Why CNNs Shine in Lung Localization

Feature Learning

Unlike traditional machine learning approaches that require hand-crafted features, CNNs can learn features directly from the pixel data. This benefits lung localization, where manual feature engineering can make the relevant features highly complex and not easily definable.

Feature Learning [https://www.analyticsvidhya.com/blog/2021/05/convolutional-neural-networks-cnn/]

Hierarchy of Features

Toxicity Prediction Using Deep Learning[6]

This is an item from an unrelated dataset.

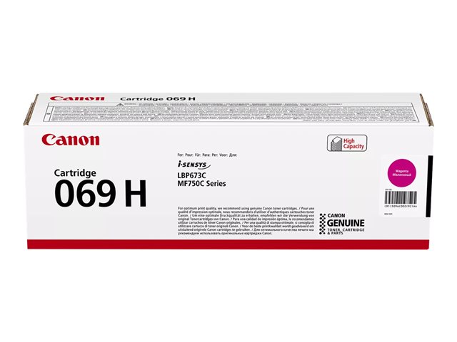 Brug 069H højtydende magenta tonerpatron sammen med din kompatible laserprinter for at garantere upåklagelige udskrifter. En fuld patron giver ca. 5.500 sider (ISO/IEC 19798), hvilket giver den lange levetid, du har brug for til at opfylde alle dine printkrav.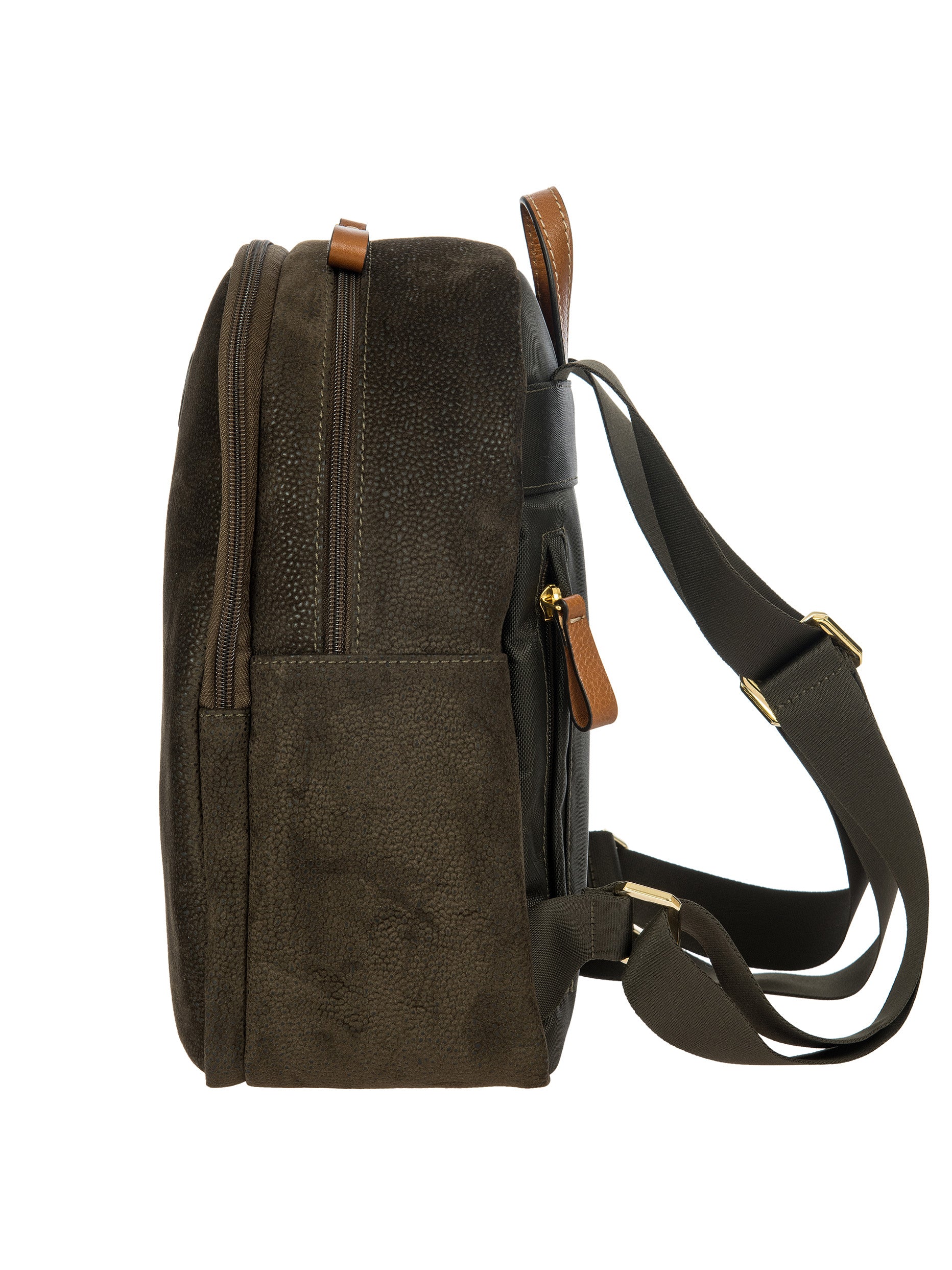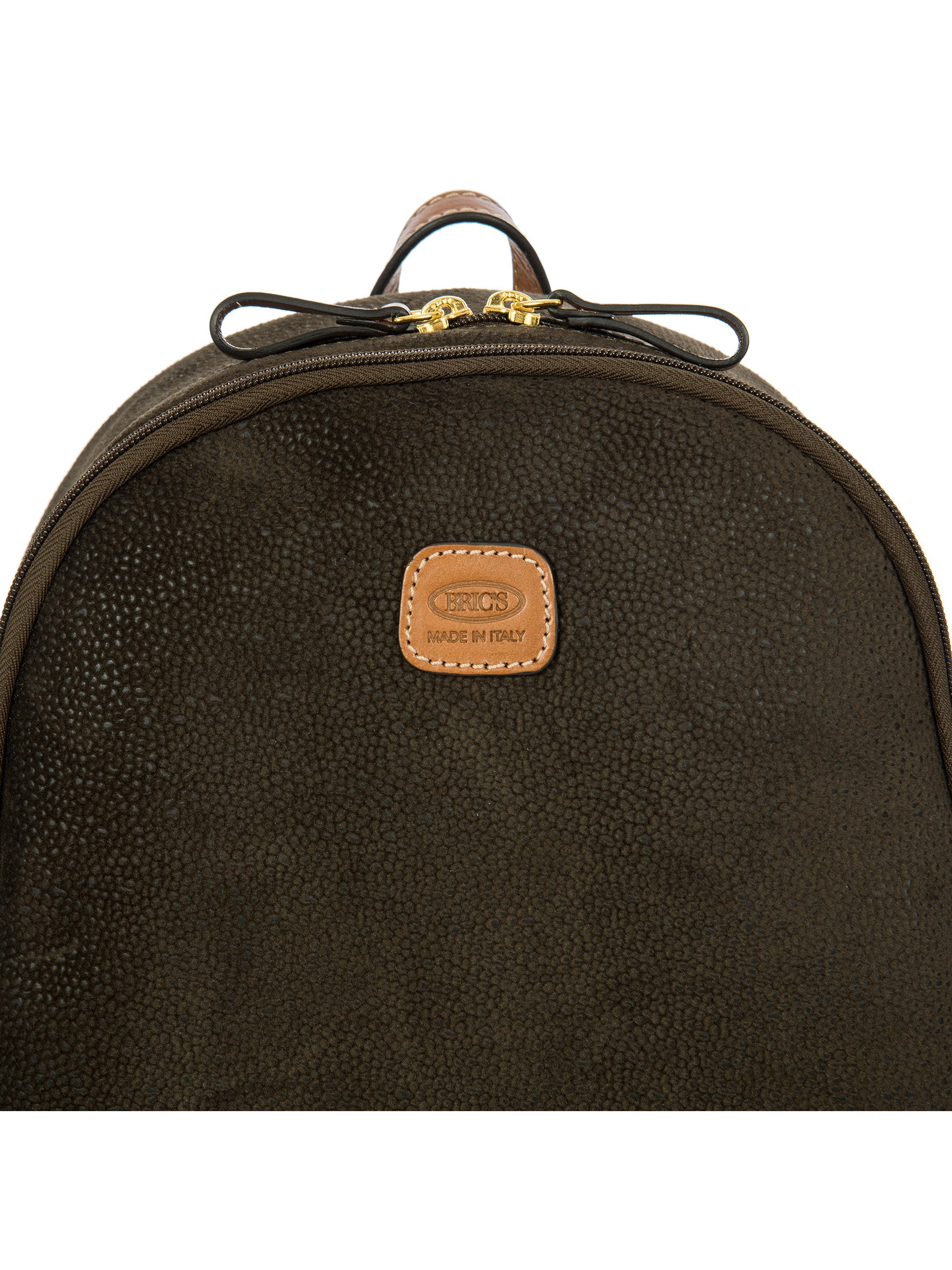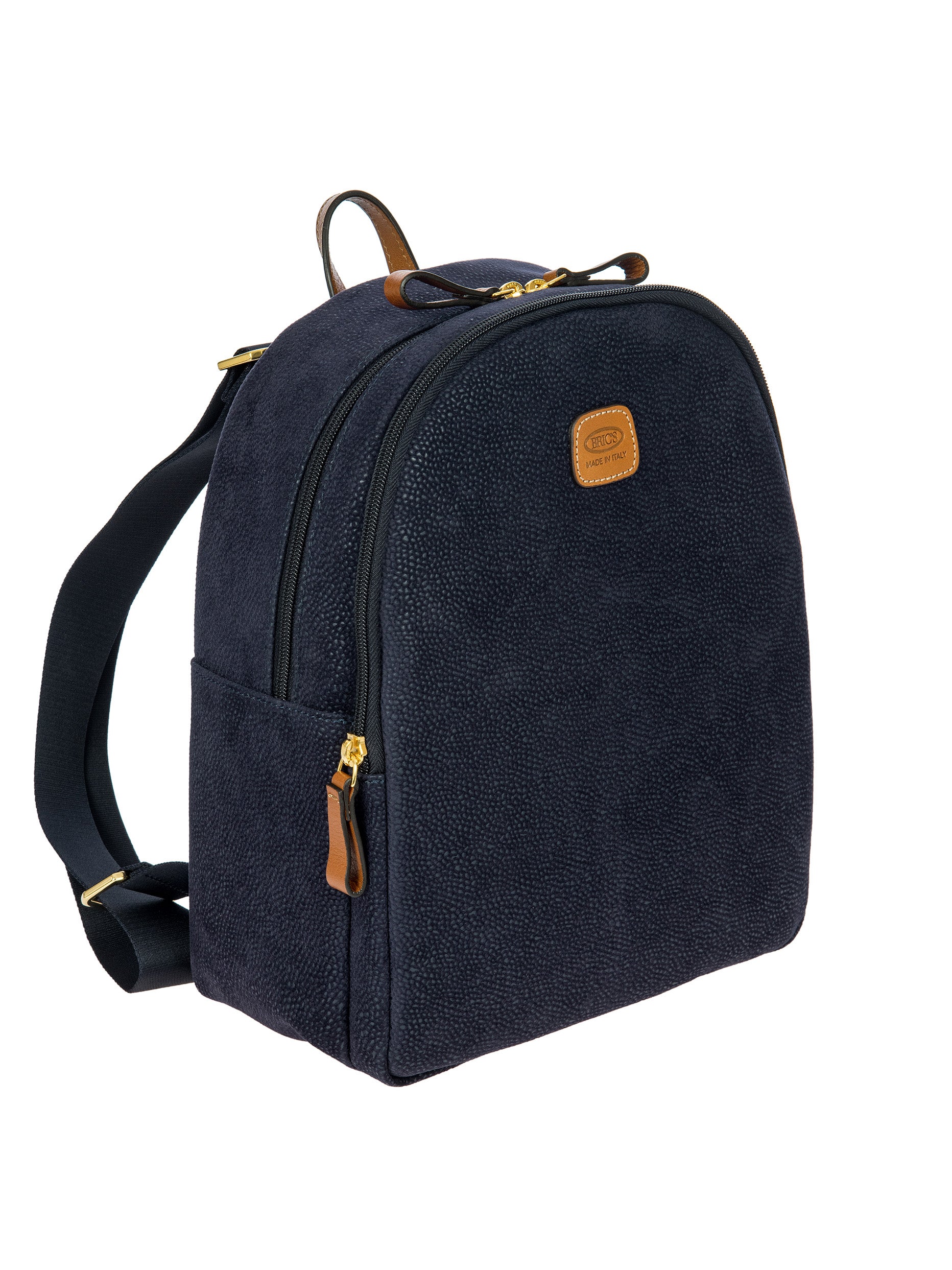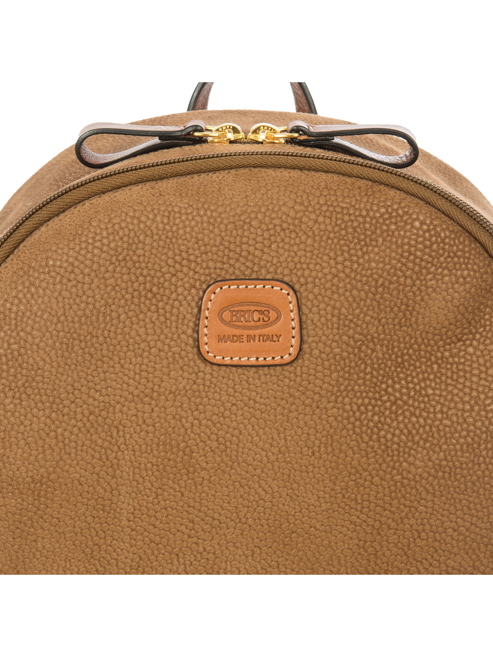 Designed and manufactured in Italy, the Serena backpack from the Life Collection is intended to last. Made from Bric's iconic suede-effect material, which is waterproof and very durable, it is the result of expert craftsmanship. The adjustable shoulder straps ensures it is comfortable to use, while the small handle on the top makes it easy to carry by hand. Its spacious and feminine design features a double compartment, ideal for everyday commitments, and two internal pockets, one of which is zipped, as well as a zipped pocket on the back ideal to hold your most precious belongings. The main compartment is equipped with a zip with two sliders. Internally it is finished with fabric lining, externally it is embellished with genuine leather details.

CNNs learn a hierarchy of features in a way that mimics the human visual system. In lung localization, lower layers may detect edges and blobs, while deeper layers can identify more complex structures pertinent to the lungs, such as the bronchial tree and vascular structures.

Translation Invariance

Using pooling layers, CNNs achieve translation invariance, meaning they can recognize lung patterns regardless of their position in the image. This is particularly important for medical imaging, where the position and orientation of the lungs can vary between scans.

Translation Invariance [https://pyimagesearch.com/2021/05/14/are-cnns-invariant-to-translation-rotation-and-scaling/]

Automated End-to-End Learning

CNNs provide an end-to-end learning approach where raw images can be inputted into the network, and through a series of convolutional and pooling layers, the network outputs the localization of the lungs.

CNN Feature Learning Process [https://towardsdatascience.com/basics-of-the-classic-cnn-a3dce1225add]

Pytorch Implementation

The implementation of lung localization with CNNs typically involves the following steps:

Image Dataset: Our evaluation employed a dataset comprising Computed Tomography Pulmonary Angiography (CTPA) images, specifically curated for Pulmonary Embolism (PE) detection. These images were sourced in DICOM format, a standard for handling, storing, printing, and transmitting information in medical imaging. The dataset was structured and accessed based on a predefined CSV file containing relevant metadata.

Data Preprocessing: The preprocessing stage involved standard procedures to prepare the CTPA image dataset for analysis. This included normalization, resizing, and augmentation techniques to ensure the models were trained on data that is representative of various clinical scenarios.

Model Application: Both the ResNet50 and EfficientNetB0 models were applied to the dataset, with the training process spanning 100 epochs. The ensemble of these two models was aimed at leveraging their complementary strengths, thus enhancing the overall performance in lung localization.

Setting Up Environment and package installation

# Basic data handling and visualization libraries
!pip install numpy pandas matplotlib
# PyTorch and torch-vision for deep learning
!pip install torch torchvision
# Image augmentation library and PyTorch Lightning for structured deep learning code
# TensorBoard for visualization
!pip install imgaug pytorch_lightning tensorboard
# Libraries for handling medical images
!pip install pydicom pylibjpeg pylibjpeg-libjpeg
# OpenCV for image processing - using headless version to avoid GUI issues on headless servers
!pip install opencv-python-headless
# Upgrading the OpenCV library to the latest version
!pip install - upgrade opencv-python
# IPython kernel for Jupyter
!pip install ipykernel
# GDCM for reading DICOM files that are compressed with JPEG
!pip install gdcm -c conda-forge

Data Set

The RSNA Pulmonary Embolism (PE) Detection Challenge dataset is a comprehensive collection of CT scans designed for the development of deep-learning models to detect pulmonary embolism. Provided by the Radiological Society of North America, this dataset includes numerous high-resolution CT images annotated by experienced radiologists, making it ideal for training robust diagnostic models. Each CT scan in the dataset is represented in DICOM format and is accompanied by detailed CSV files containing patient IDs, scan details, and precise annotations regarding the presence of pulmonary embolism.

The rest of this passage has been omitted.